Although the average waiting time nationally has gradually been going down, a spokesperson for the Road Safety Authority (RSA) said this is “still not where we want it to be”.

The RSA aims to have a national average waiting time of 10 weeks in all test centres.

There are just 10 centres of the total 48 that are on or below the 10 week waiting mark.

The authority is looking into ways try to improve the situation at present, such as the hiring of more testers while awaiting amendments to the Road Traffic Act.

image001 Driving Test National Average Waiting Times February-June 2018 Source: RSA

The driving test centre with the longest average waiting time at 16.3 weeks is Newcastle West in Limerick.

The Limerick city centre meets the RSA’s aim time of waiting times being 10 weeks on average.

The current average waiting time for a category B (car/light van) driving test per test centre is based on the waiting times of applicants with an appointment during the last four weeks.

Spokesperson for the RSA said those who fail their test by a number of small points “won’t be on the bottom of the list” when they re-apply to do their test again.

Each week 300-400 people do not show up for their driving test.

In 2017 a total of 19,000 people did not show for their scheduled test date.

Those who book a test and come to a centre completely unprepared cause “further congestion in the waiting list”, the spokesperson said.

Learner’s concerns

Speaking to TheJournal.ie a worried learner from Dublin who applied for a test in February said “I’m beside myself waiting for the test date. I only have a few months left on my learner permit so the whole thing is a mess”.

She added that the process of doing a theory test, getting a learner permit, taking the 12 required lessons, doing pre-tests and finally applying for the test is a “money racket”.

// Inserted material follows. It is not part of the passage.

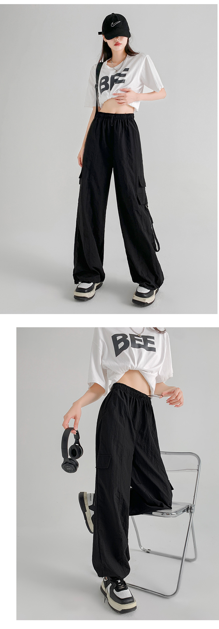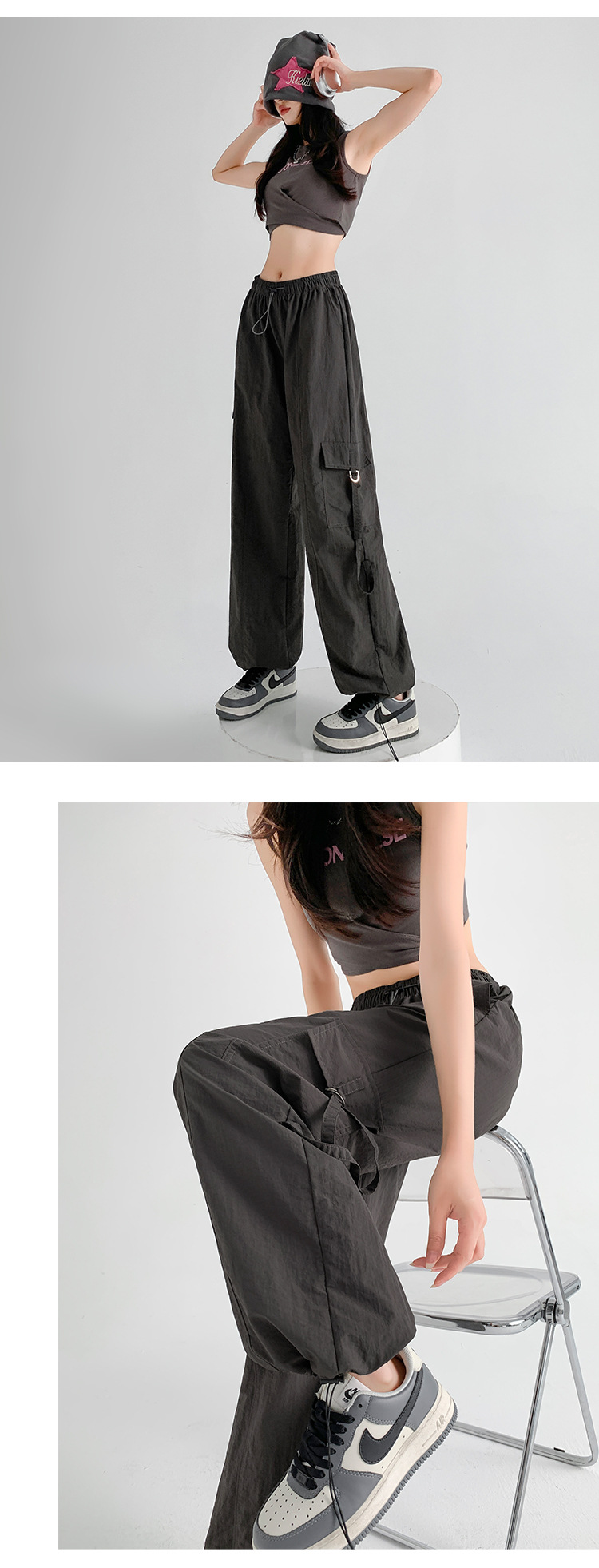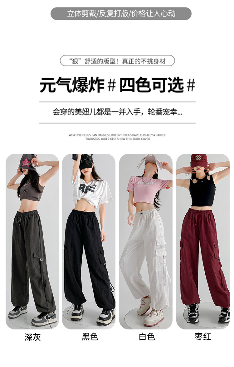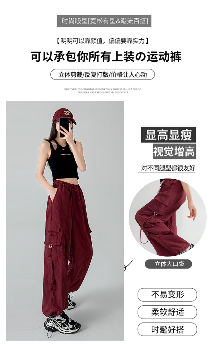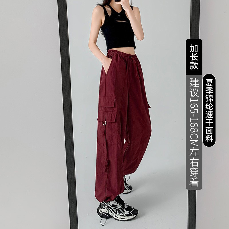 锦纶工装裤女裤子女款秋季新款高腰美式阔腿裤卫裤休闲速干运动裤

Another learner from Wicklow has just received a test date for August having first applied in February.

She said that she was annoyed about this as the date she had been offered clashed with her holiday plans.

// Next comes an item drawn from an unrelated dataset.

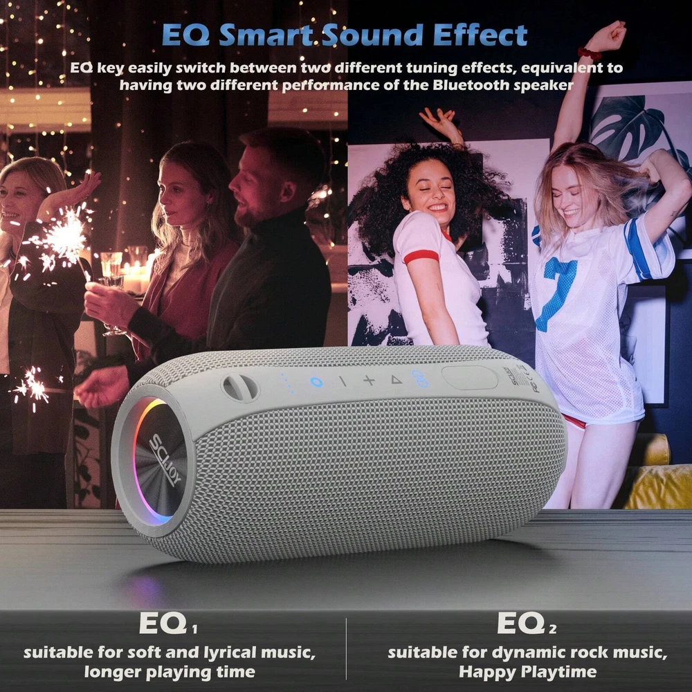 [ Astonishing Sound]40W Bluetooth speaker use advanced digital signal processing chips and dual cavity dual diaphragm stereo drivers, providing clear high-pitched, deep bass, stable midrange. The zero distortion sound effect allows you to fully experience the stunning and loud stereo music scene. [2 Wonderful EQ Smart Modes] The portable speaker bluetooth equipped with two sound integration modes: EQ1 suitable for soft and lyrical music, battery with longer play time. EQ2 enhances heavy bass, suitable for dynamic rock music, with more louder, but with fast power consumption. loud music, select EQ2 mode. With a SCIJOY bluetooth speaker, it is like you have two speakers with different play effects. [True Wireless Stereo]The speakers support two of the same model to pair, achieving more louder play effect and 360° stereo sound, making your party more atmosphere. When the volume of the cellphone and speaker reaches maximum simultaneously, the music will spread to every corner of the room. [Amazing LED Show]Bluetooth speakers with high-quality lights on both sides, which will flicker with the rhythm of the music and present rainbow light show. It creates a great atmosphere for party. Of course, you can choose to turn off the lighting effect when you don't need it. [IPX7 Waterproof]The Bluetooth speaker is superior waterproof that can be used as a good shower speaker. Speakers casing grille is tight, anti slip, and anti fall, sturdy and long lasting, can floating on water, suitable for boating and swimming to use. [Convenient Portable Speaker] The bluetooth speaker is compact, can be hung from a backpack or attached to a bike frame. And large capacity battery provides long life play time for the speaker, making it suitable for camping, hiking and travel etc. [Hands-free calling and Type-c charging]The bluetooth speaker has a built-in microphone to not miss any important call when you are cleaning, cooking and don't have a way to use your cell phone. And improved new Type-c charging port enables fast charging, fully charged in just 4 hours

She added that she knew from speaking to others and from waiting lists online that there would be a wait and that tests were difficult to get but she “didn’t expect it to be this long”.

New legislation

This year the Road Safety Authority (RSA) intended to offer at least 67 fixed-term contracts to qualified driving testers to help deal with an expected surge in demand for driving tests.

The RSA has since been recruiting a selection of new driving testers and 100 people have been chosen to go through garda vetting procedures.

The authority expects these new measures to be “up and running in a reasonable small time” following approval.

Legislation to introduce fines of up to €2,000 or six months imprisonment for motorists who allow unaccompanied learner drivers to drive their cars brought with it fears of how this could impact waiting times for tests.

The Trade Union for driving testers Fórsa claimed that without action this risked a short-term doubling of demand for driving tests and increased average waiting times of as much as 55 weeks.

Fórsa told TheJournal.ie that the number of driver testers had fallen by almost 20% since 2007 and average waiting times have risen as a result.

Fórsa reached agreement with the RSA in April around the issue of new driver testers.

Why do drivers fail their test? 

The Spokesperson for the RSA said that ”every case is different” with driving test failures but taking lessons and getting more experience is always a good approach for trying again.

The most common reasons why people fail driving tests according to the RSA are issues with observation at junctions, roundabouts, problems with anticipation of other drivers’ actions, speed, incorrect road positioning as well as poor use of mirrors and signals.

Inappropriate use of vehicle controls such as gears or brakes or lack of compliance with traffic controls such as signs or traffic lights can also be a factor in those that come back with a fail.

The RSA advise that it can usually facilitate an urgent test if someone can be available at short notice, with cancellation slots sometimes becoming available.

Availability for this case should be included in any driving test application.